(Extracted records)
◇ ◇ ◇ ◇

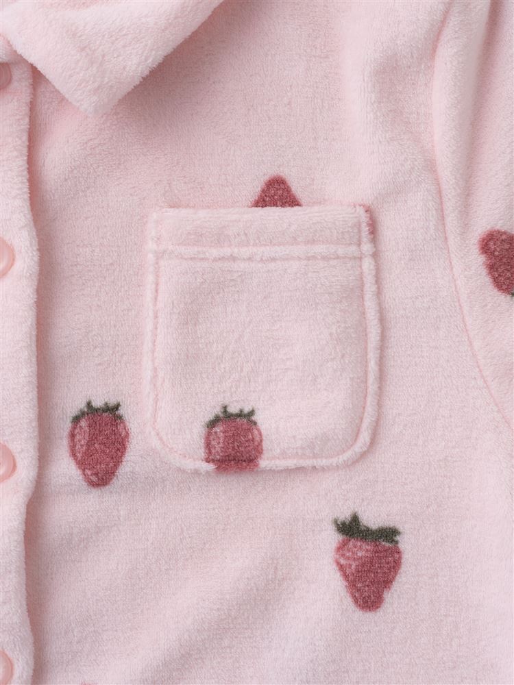 こちらのページは、いちご柄前開き長袖マイクロファイバーパジャマというルームウェア(部屋着)の商品詳細ページです。
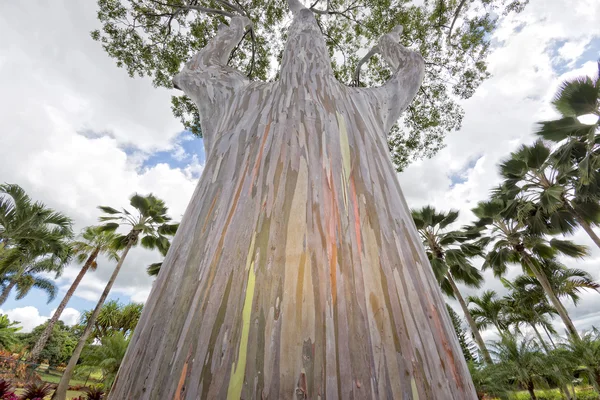 Радужный эвкалипт достигает в высоту 75 метров, ствол достигает диаметра 2,4 метра . В естественных условиях радужный эвкалипт растет на территории Филиппин, Индонезии, Папуа-Новой Гвинеи .
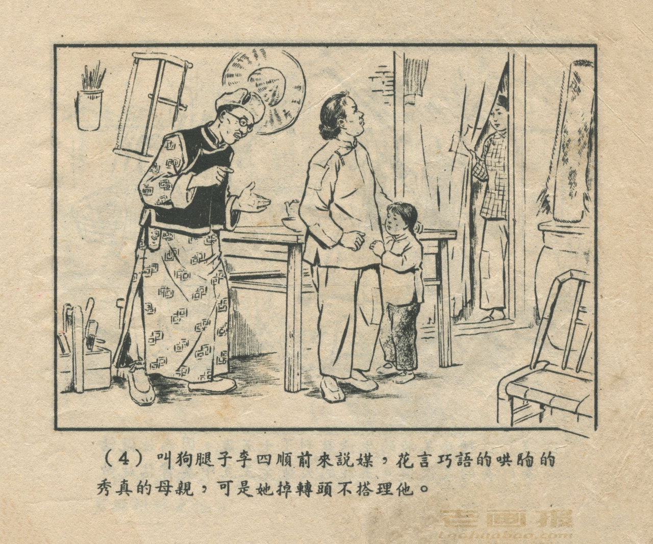 连环画《李秀真》 1953老版 绘画:汪健 凌涛 陈云昌 王一菲 新美术出版社 1953 此连环画来源于连友“一步”藏书扫描,同意老画报网站免费发布。您可以自由分享、引用,但必须署名原作者,并不得用于商业目的。 1 2 3 4 5 6 目录 |<< < 上一页 下一页 > >>| 李秀真 共6页 < 上一页下一页 >
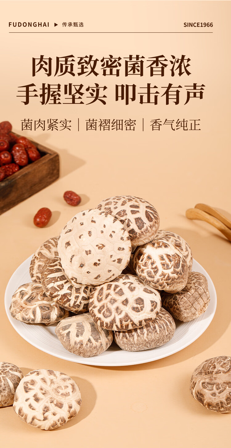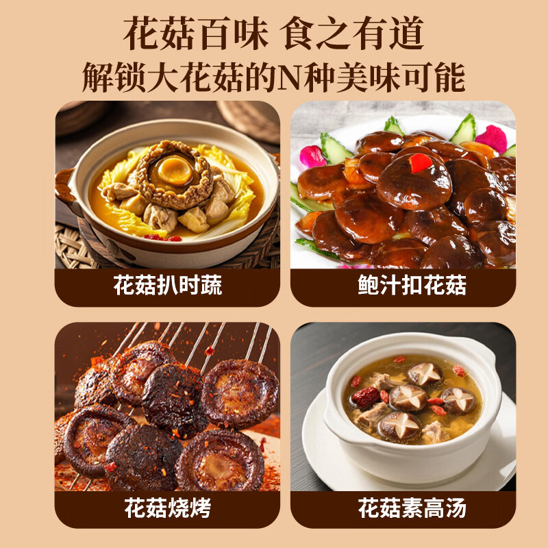 干燥适宜更易储存,开袋散发自然清香;肉质致密菌香浓;营养丰富
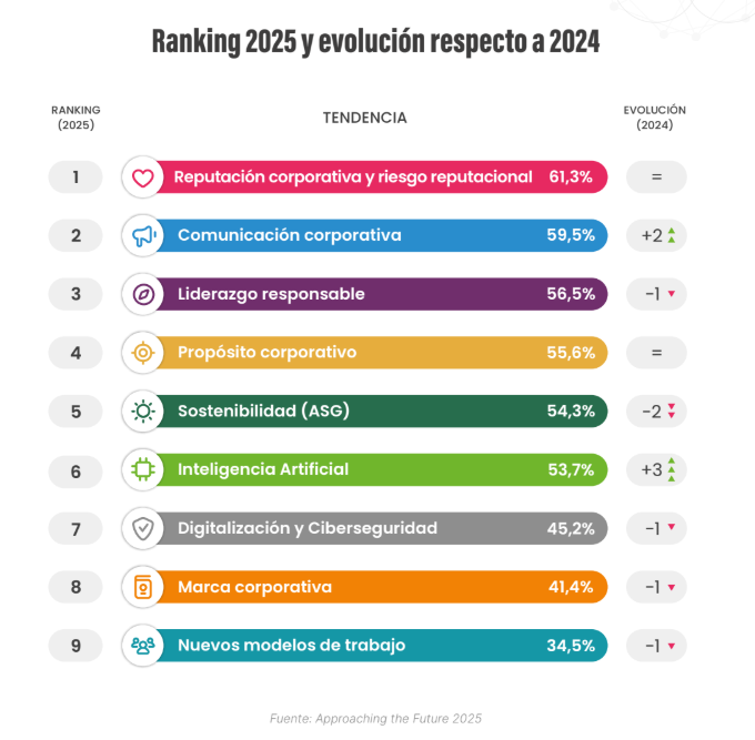 La reputación se reafirma como un activo estratégico esencial para generar valor, construir confianza, mitigar riesgos y fortalecer el posicionamiento de las organizaciones. Junto a ella, destacan en el ranking de prioridades la comunicación corporativa —que sube tres posiciones respecto a 2024—, el propósito empresarial y el liderazgo responsable, como elementos clave en la definición de las estrategias empresariales.
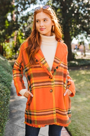 This plaid coat is ultra chic and classic. The longer length pairs well with anything from leggings to dresses. Features a single button closure on the front, a notched collar, and side pockets. Fabric is 100% polyester without stretch.
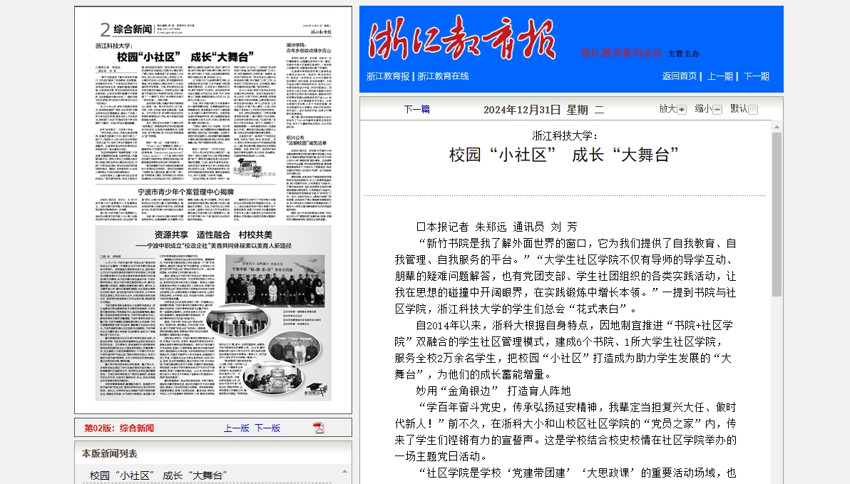 自2014年以来,浙科大根据自身特点,因地制宜推进“书院+社区学院”双融合的学生社区管理模式,建成6个书院、1所大学生社区学院,服务全校2万余名学生,把校园“小社区”打造成为助力学生发展的“大舞台”,为他们的成长蓄能增量。
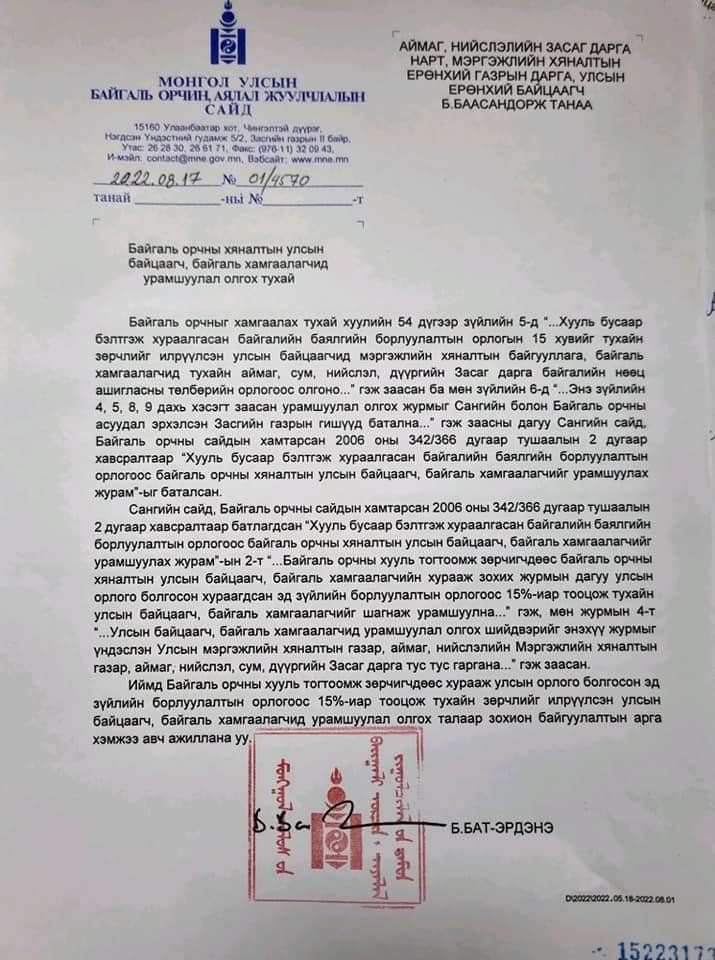 Иймд Байгаль орчны хууль тогтоомж зөрчигчдөөс хурааж улсын орлого болгосон эд зүйлийн борлуулалтын орлогоос 15%-иар тооцож тухайн зөрчлийг илрүүлсэн улсын байцаагч, байгаль хамгаалагчид урамшуулал олгох талаар зохион байгуулалтын арга хэмжээ авч ажиллахыг хүслээ.
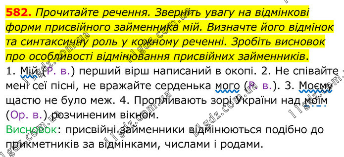 Прочитайте речення. Зверніть увагу на відмінкові форми присвійного займенника мій. Визначте його відмінок та синтаксичну роль у кожному реченні. Зробіть висновок про особливості відмінювання присвійних займенників. 1. Мій (Р. в.) перший вірш написаний в окопі. 2. Не співайте мені сеї пісні, не вражайте серденька мого (Р. в.). 3. Моєму щастю не було меж. 4. Пропливають зорі України над моїм (Ор. в.) розчиненим вікном. Висновок: присвійні займенники відмінюються подібно до прикметників за відмінками, числами і родами.
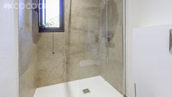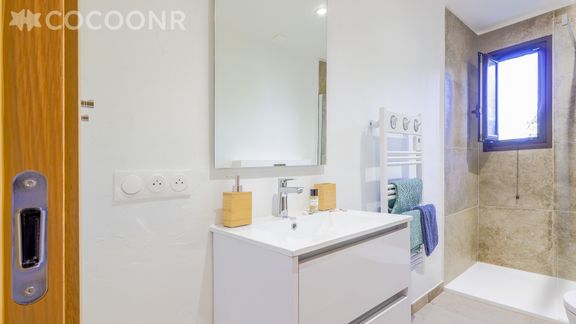 - Une salle d'eau avec douche, sèche-serviettes, WC
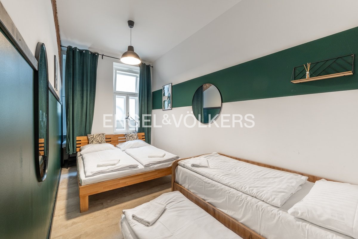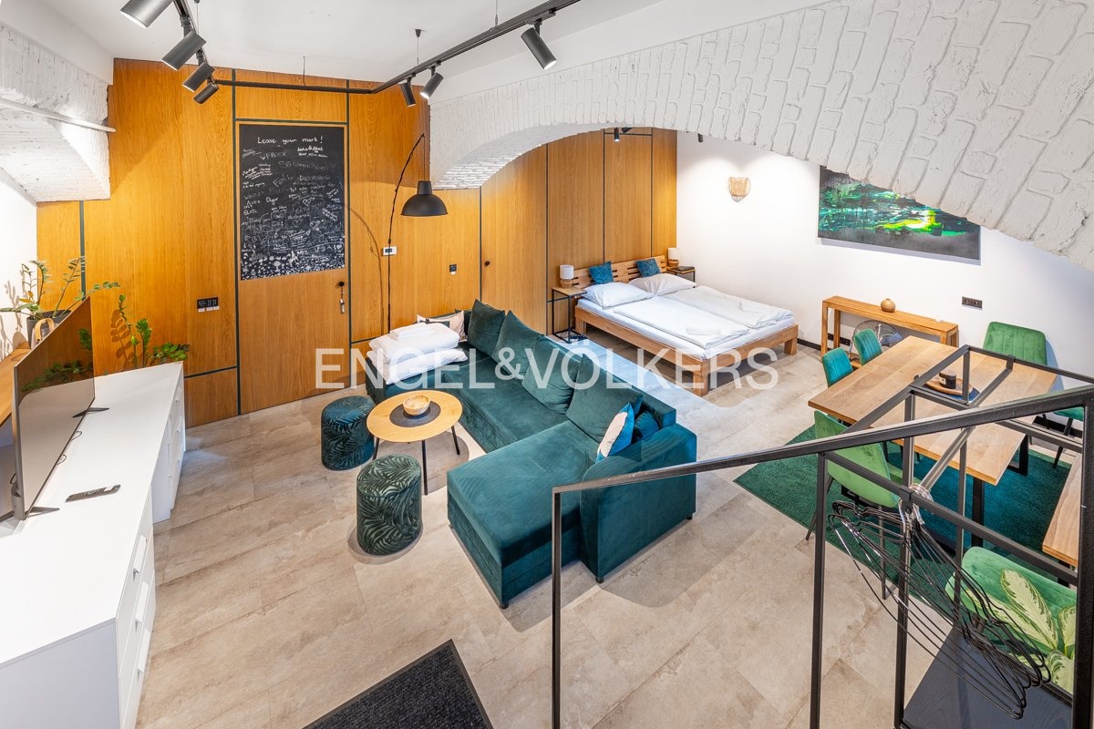 Nabízíme k pronájmu kompletně zrekonstruovaný prostor, situovaný v přízemí elegantního činžovního domu na prestižní adrese Rašínova nábřeží s výhledem na Vltavu jen pár kroků od oblíbené pražské náplavky. Prostor je aktuálně využíván jako krátkodobé ubytovací zařízení, v minulosti však sloužil jako obchodní jednotka s původní kolaudací na „krám“. Díky tomu je možné jeho všestranné využití – ideálně jako reprezentativní kancelář, ateliér, showroom nebo designový obchod. Jedná se o snížené 1. NP se samostatným vstupem přímo z ulice s dvěma velkými okny využitelnými jako výlohy, která zajišťují dostatek denního světla a výbornou viditelnost z nábřeží.

◇ ◇ ◇ ◇

Problem to solve:
An exact copy of the records above is needed, free of pictures.

The answer:
 こちらのページは、いちご柄前開き長袖マイクロファイバーパジャマというルームウェア(部屋着)の商品詳細ページです。
 Радужный эвкалипт достигает в высоту 75 метров, ствол достигает диаметра 2,4 метра . В естественных условиях радужный эвкалипт растет на территории Филиппин, Индонезии, Папуа-Новой Гвинеи .
 连环画《李秀真》 1953老版 绘画:汪健 凌涛 陈云昌 王一菲 新美术出版社 1953 此连环画来源于连友“一步”藏书扫描,同意老画报网站免费发布。您可以自由分享、引用,但必须署名原作者,并不得用于商业目的。 1 2 3 4 5 6 目录 |<< < 上一页 下一页 > >>| 李秀真 共6页 < 上一页下一页 >
 干燥适宜更易储存,开袋散发自然清香;肉质致密菌香浓;营养丰富
 La reputación se reafirma como un activo estratégico esencial para generar valor, construir confianza, mitigar riesgos y fortalecer el posicionamiento de las organizaciones. Junto a ella, destacan en el ranking de prioridades la comunicación corporativa —que sube tres posiciones respecto a 2024—, el propósito empresarial y el liderazgo responsable, como elementos clave en la definición de las estrategias empresariales.
 This plaid coat is ultra chic and classic. The longer length pairs well with anything from leggings to dresses. Features a single button closure on the front, a notched collar, and side pockets. Fabric is 100% polyester without stretch.
 自2014年以来,浙科大根据自身特点,因地制宜推进“书院+社区学院”双融合的学生社区管理模式,建成6个书院、1所大学生社区学院,服务全校2万余名学生,把校园“小社区”打造成为助力学生发展的“大舞台”,为他们的成长蓄能增量。
 Иймд Байгаль орчны хууль тогтоомж зөрчигчдөөс хурааж улсын орлого болгосон эд зүйлийн борлуулалтын орлогоос 15%-иар тооцож тухайн зөрчлийг илрүүлсэн улсын байцаагч, байгаль хамгаалагчид урамшуулал олгох талаар зохион байгуулалтын арга хэмжээ авч ажиллахыг хүслээ.
 Прочитайте речення. Зверніть увагу на відмінкові форми присвійного займенника мій. Визначте його відмінок та синтаксичну роль у кожному реченні. Зробіть висновок про особливості відмінювання присвійних займенників. 1. Мій (Р. в.) перший вірш написаний в окопі. 2. Не співайте мені сеї пісні, не вражайте серденька мого (Р. в.). 3. Моєму щастю не було меж. 4. Пропливають зорі України над моїм (Ор. в.) розчиненим вікном. Висновок: присвійні займенники відмінюються подібно до прикметників за відмінками, числами і родами.
 - Une salle d'eau avec douche, sèche-serviettes, WC
 Nabízíme k pronájmu kompletně zrekonstruovaný prostor, situovaný v přízemí elegantního činžovního domu na prestižní adrese Rašínova nábřeží s výhledem na Vltavu jen pár kroků od oblíbené pražské náplavky. Prostor je aktuálně využíván jako krátkodobé ubytovací zařízení, v minulosti však sloužil jako obchodní jednotka s původní kolaudací na „krám“. Díky tomu je možné jeho všestranné využití – ideálně jako reprezentativní kancelář, ateliér, showroom nebo designový obchod. Jedná se o snížené 1. NP se samostatným vstupem přímo z ulice s dvěma velkými okny využitelnými jako výlohy, která zajišťují dostatek denního světla a výbornou viditelnost z nábřeží.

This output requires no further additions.